Preliminary Studies to Evaluate the Applicability of the ENDOTOXIN ACTIVITY ASSAYTM To

APPENDIX

Preliminary studies to evaluate the applicability of the ENDOTOXIN ACTIVITY ASSAYTM to measure endotoxin activity in pig whole blood

Materials and Methods

We performed preliminary analyses using pig’s blood, obtained from 4 healthy Large-White Landrace pigs, and challenged with Escherichia Coli and Pseudomonas Aeruginosa endotoxin to validate Endotoxin Activity Essay (EAA).

Two 7.5 mL pig blood samples were collected into EDTA test tubes. We prepared 100-fold concentrated endotoxin solutions for both E. coli and P. aeruginosa endotoxin, using fourteen 1.5-mL sterile eppendorf tubes as follows:

1. We instilled 10 µL of endotoxin (1mg/mL) into 990 µL of NaCL 0.9% solution (resulting endotoxin concentration: 10 µg/mL)
2. We instilled 32 µL of above mentioned 10 µg/mL endotoxin solution into 968 µL of NaCl 0.9% (resulting endotoxin concentration: 3200 pg/mL)
3. We instilled 100 µL of above mentioned 3200 pg/mL endotoxin solution into 300 µL of NaCl 0.9% (resulting endotoxin concentration: 800 pg/mL)
4. We instilled 100 µL of above mentioned 800 pg/mL endotoxin solution into 300 µL of NaCl 0.9% (resulting endotoxin concentration: 200 pg/mL)
5. We instilled 100 µL of above mentioned 200 pg/mL endotoxin solution into 300 µL of NaCl 0.9% (resulting endotoxin concentration: 50 pg/mL)
6. We instilled 100 µL of above mentioned 50 pg/mL endotoxin solution into 300 µL of NaCl 0.9% (resulting endotoxin concentration: 12.5 pg/mL)
7. Finally, we prepared 400 µL of NaCl 0.9% solution (resulting endotoxin concentration: 0 pg/mL)
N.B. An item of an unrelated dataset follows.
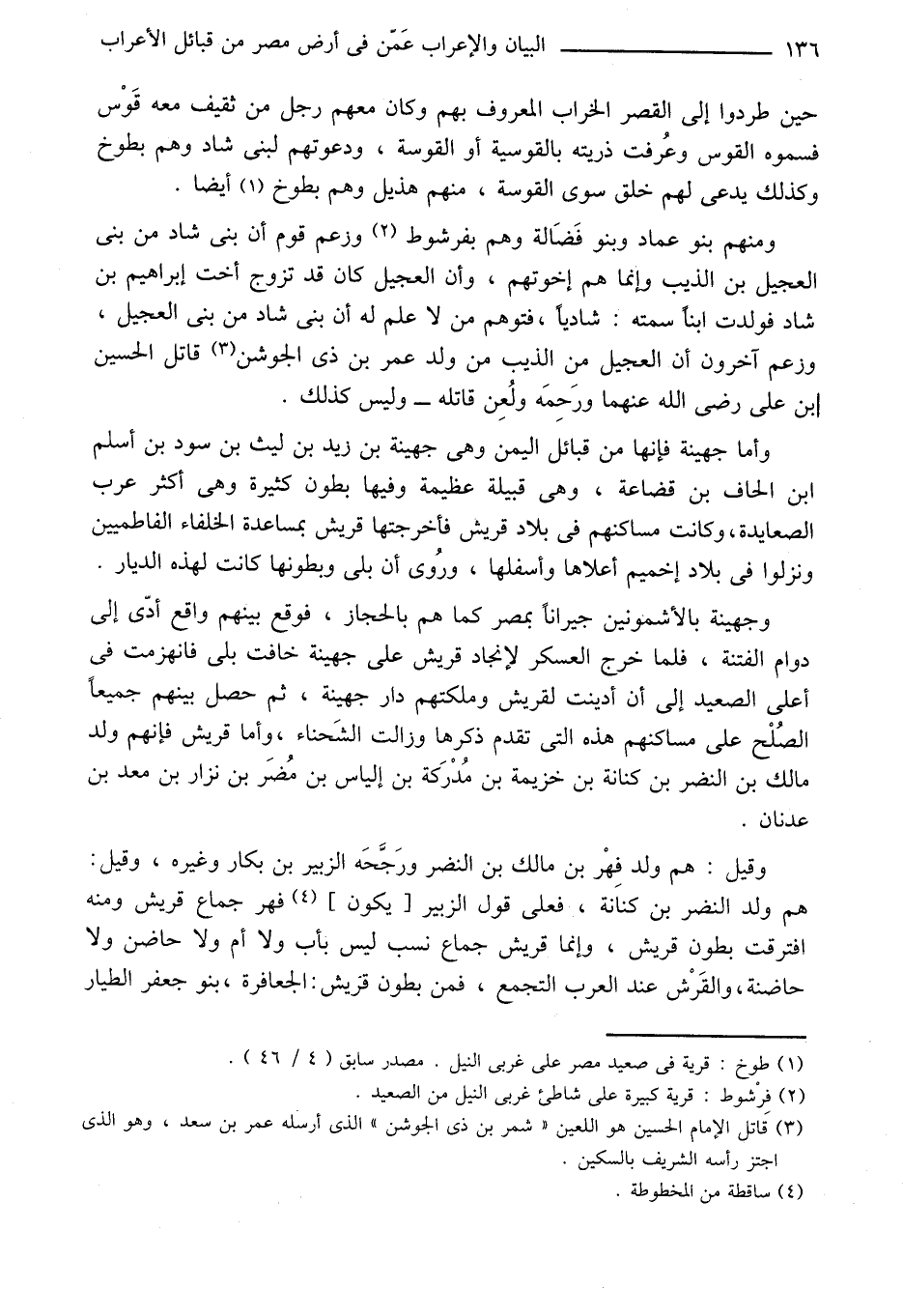 وجهينة بالأشمونين جيرانا بمصر كما هم بالحجاز، فوقع بينهم واقع أدّى إلى دوام الفتنة، فلما خرج العسكر لإنجاد قريش على جهينة خافت بلى فانهزمت في أعلى الصعيد إلى أن أدينت لقريش وملكتهم دار جهينة، ثم حصل بينهم جميعا الصلح على مساكنهم هذه التى تقدم ذكرها وزالت الشحناء، وأما قريش فإنهم ولد مالك بن النضر بن كنانة بن خزيمة بن مدركة بن إلياس بن مضر بن نزار بن معد بن عدنان.

We transferred 12 uL from each vial (endotoxin concentration range: 3200-0 pg/mL) into 12 sterile 1.2 mL empty tubes. We added 1.2 mL of pig’s blood into each of the twelve 100-fold concentrated endotoxin solutions and vortexed the sample. Then, the samples were maintained at room temperature for 10 min. Finally, we evaluated Endotoxin Activity Assay for each tube (12 tests).

Statistical analysis

Linear and non linear regression analyses were applied to assess the association between EA and P.aeruginosa or E.coli endotoxemia and to find the best predictive model. A two-sided p value < 0.05 was considered statistically significant. All analyses were performed using SAS 9.2 software.

Results

In the figure below is reported the Endotoxin Activity Assay of pig blood challenged with P.aeruginosa, and E.coli endotoxin. E.coli endotoxin showed the strongest correlation with the EAA.

Appendix Figure Legend

Appendix Figure 1

A, Exponential regression analysis of the association between Pseudomonas Aeruginosa Endotoxin Concentration and Endotoxin Activity Assay, N:15. B, Linear regression analysis of the association between Escherichia Coli Endotoxin Concentration and Endotoxin Activity Assay, N:14. C, Sigmoidal regression analysis of the association between Pseudomonas Aeruginosa and Escherichia Coli Endotoxin Concentration and Endotoxin Activity Assay. N:29.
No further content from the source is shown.